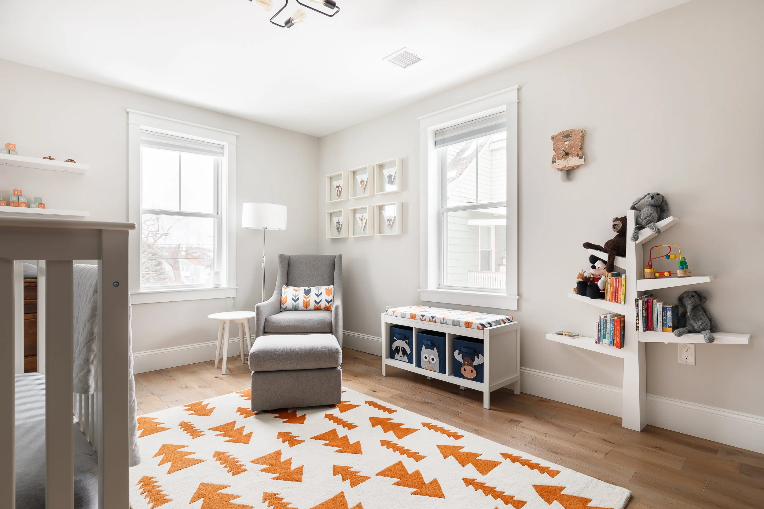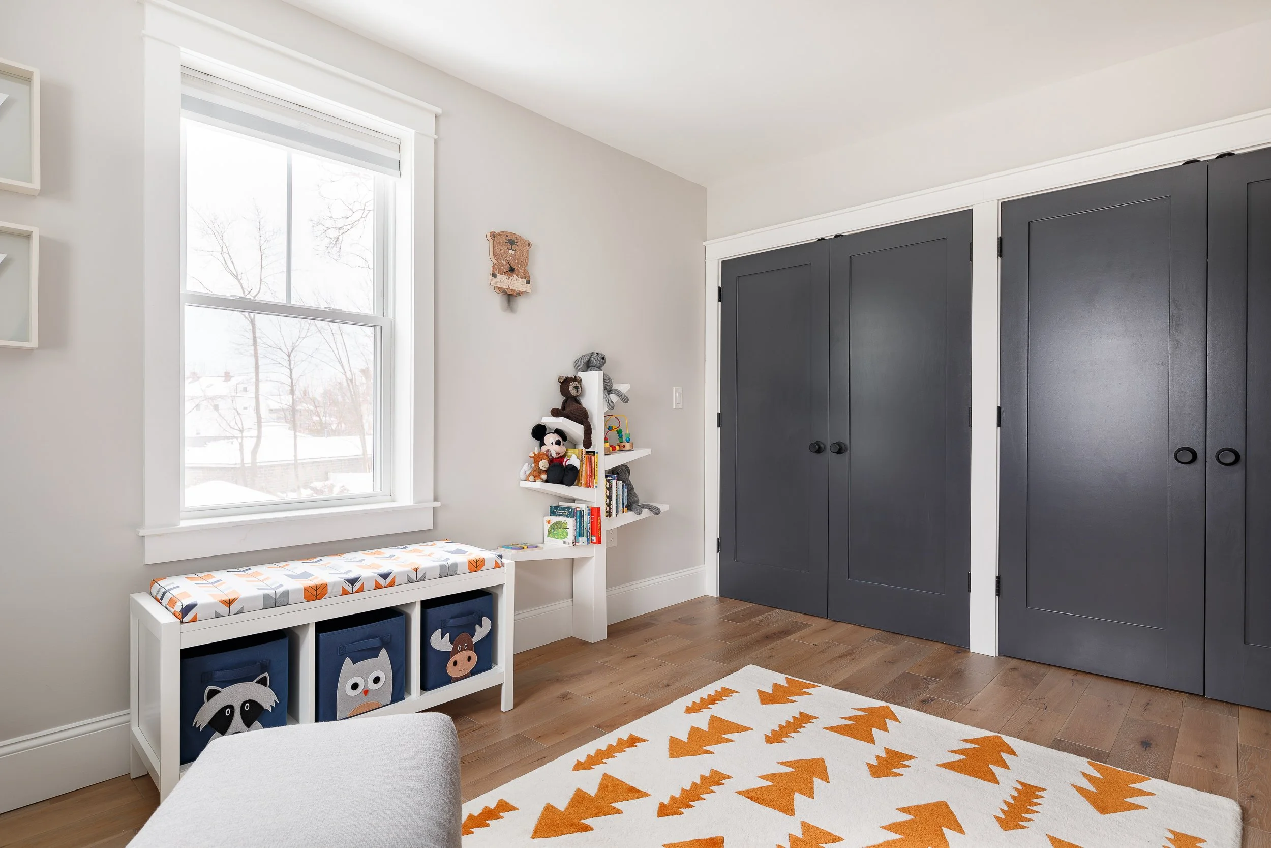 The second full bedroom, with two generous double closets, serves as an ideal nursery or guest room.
----------------------------------------
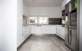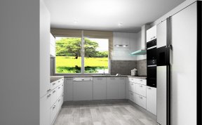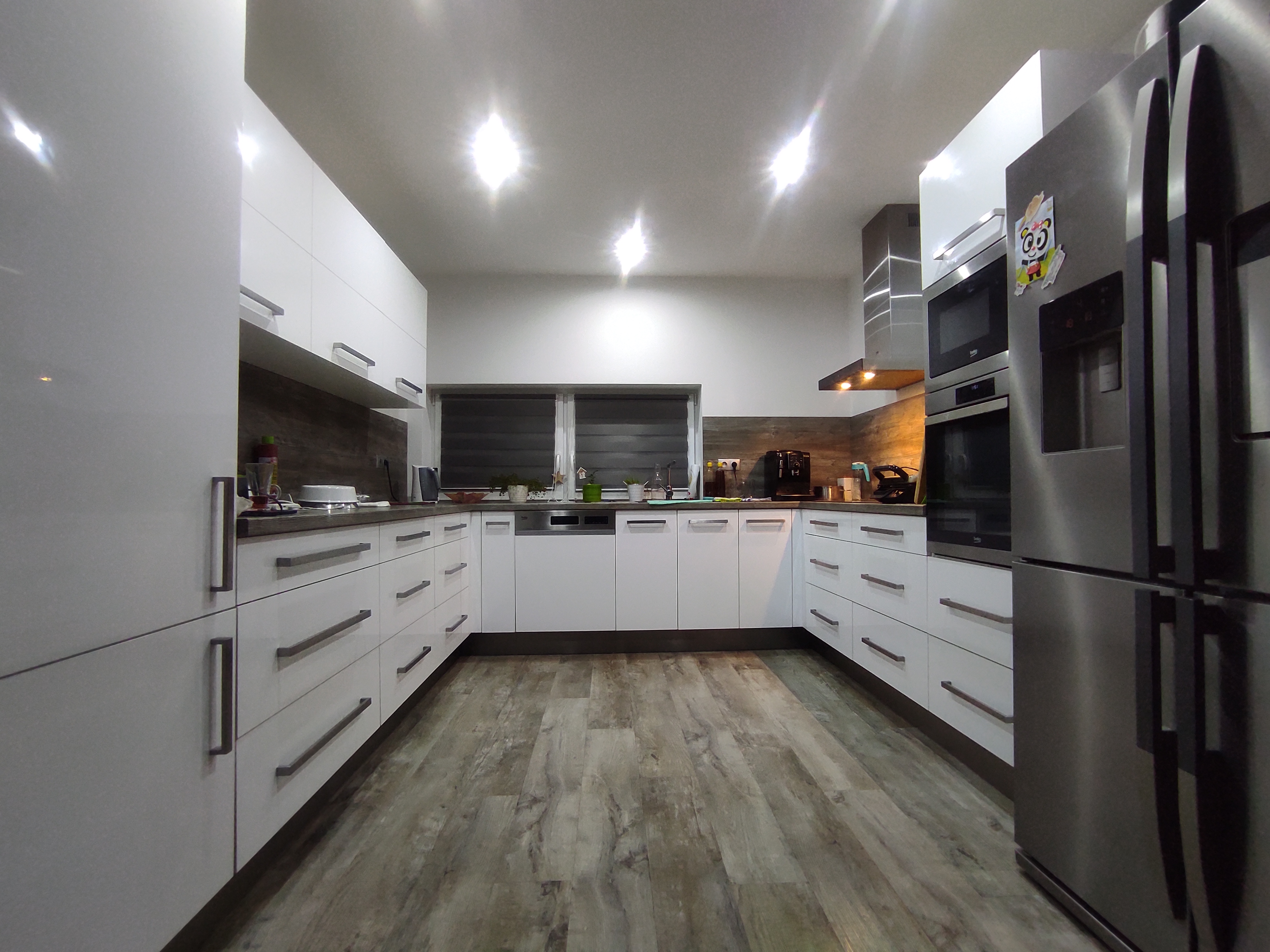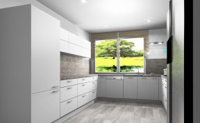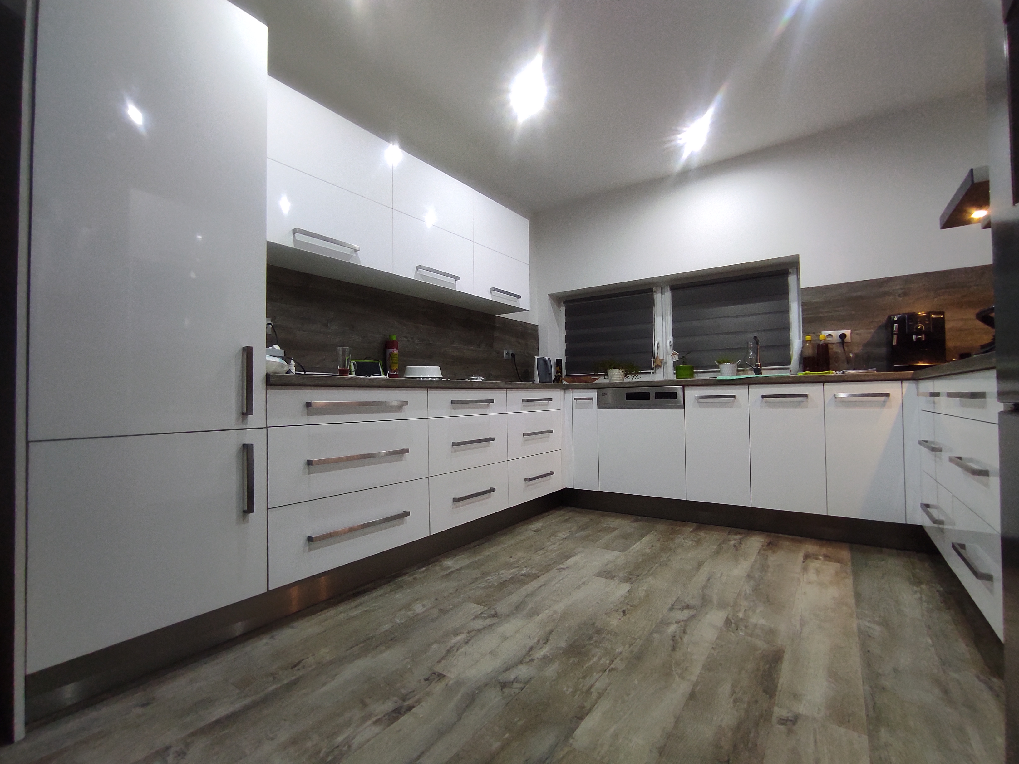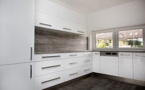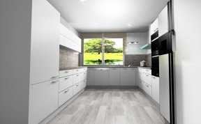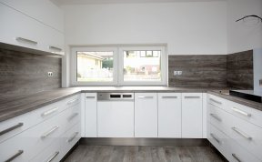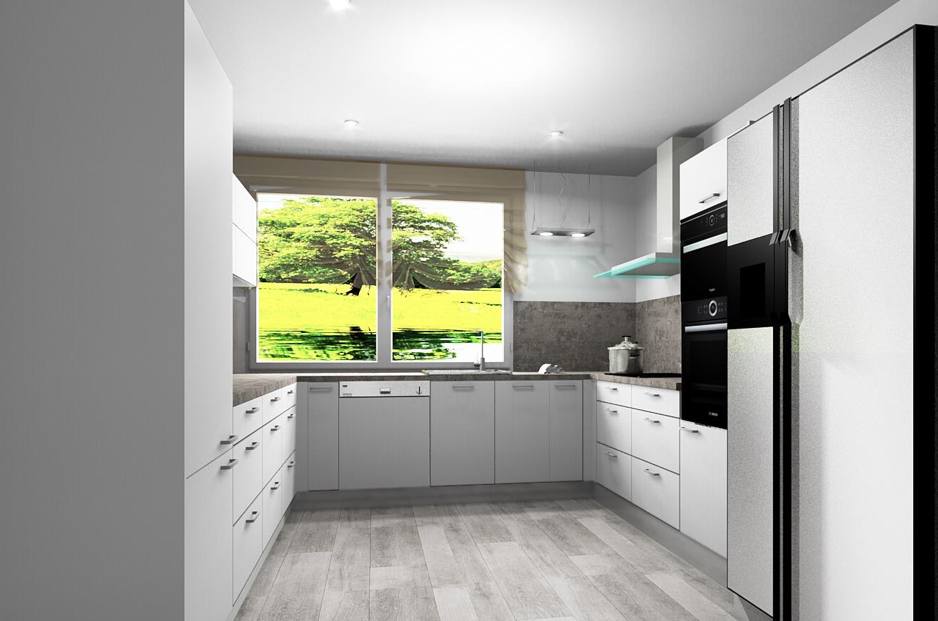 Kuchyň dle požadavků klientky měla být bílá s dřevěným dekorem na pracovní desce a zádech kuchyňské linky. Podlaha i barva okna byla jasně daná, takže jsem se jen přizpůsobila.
----------------------------------------
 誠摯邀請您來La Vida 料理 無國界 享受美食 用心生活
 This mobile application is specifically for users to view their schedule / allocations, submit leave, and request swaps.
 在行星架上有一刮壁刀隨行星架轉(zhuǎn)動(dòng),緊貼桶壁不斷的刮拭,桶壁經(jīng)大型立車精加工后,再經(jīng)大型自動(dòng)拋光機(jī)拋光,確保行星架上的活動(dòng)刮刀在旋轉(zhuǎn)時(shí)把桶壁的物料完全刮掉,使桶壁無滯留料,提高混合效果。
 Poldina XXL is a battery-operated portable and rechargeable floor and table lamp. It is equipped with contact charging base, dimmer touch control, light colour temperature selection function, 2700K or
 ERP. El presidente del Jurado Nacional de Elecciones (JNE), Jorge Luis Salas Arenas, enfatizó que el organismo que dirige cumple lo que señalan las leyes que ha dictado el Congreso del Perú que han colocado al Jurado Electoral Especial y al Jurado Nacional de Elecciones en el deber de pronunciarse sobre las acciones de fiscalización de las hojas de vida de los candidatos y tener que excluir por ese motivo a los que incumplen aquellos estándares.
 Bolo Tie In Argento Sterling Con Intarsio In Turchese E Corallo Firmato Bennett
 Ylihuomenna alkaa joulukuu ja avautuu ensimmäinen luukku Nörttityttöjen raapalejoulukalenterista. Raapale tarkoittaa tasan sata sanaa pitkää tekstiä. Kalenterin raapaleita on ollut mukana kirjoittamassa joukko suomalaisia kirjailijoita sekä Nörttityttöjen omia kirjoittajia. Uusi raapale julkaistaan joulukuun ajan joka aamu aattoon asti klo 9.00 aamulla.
----------------------------------------
> [PROBLEM DETAILS]: The response must hold only the lines above from the line with "誠摯邀請您來La Vida 料理 無國界 享受美食 用心生活" through the line with "ERP. El presidente", each copied exactly, both ends kept.

> [YOUR RESPONSE]:
 誠摯邀請您來La Vida 料理 無國界 享受美食 用心生活
 This mobile application is specifically for users to view their schedule / allocations, submit leave, and request swaps.
 在行星架上有一刮壁刀隨行星架轉(zhuǎn)動(dòng),緊貼桶壁不斷的刮拭,桶壁經(jīng)大型立車精加工后,再經(jīng)大型自動(dòng)拋光機(jī)拋光,確保行星架上的活動(dòng)刮刀在旋轉(zhuǎn)時(shí)把桶壁的物料完全刮掉,使桶壁無滯留料,提高混合效果。
 Poldina XXL is a battery-operated portable and rechargeable floor and table lamp. It is equipped with contact charging base, dimmer touch control, light colour temperature selection function, 2700K or
 ERP. El presidente del Jurado Nacional de Elecciones (JNE), Jorge Luis Salas Arenas, enfatizó que el organismo que dirige cumple lo que señalan las leyes que ha dictado el Congreso del Perú que han colocado al Jurado Electoral Especial y al Jurado Nacional de Elecciones en el deber de pronunciarse sobre las acciones de fiscalización de las hojas de vida de los candidatos y tener que excluir por ese motivo a los que incumplen aquellos estándares.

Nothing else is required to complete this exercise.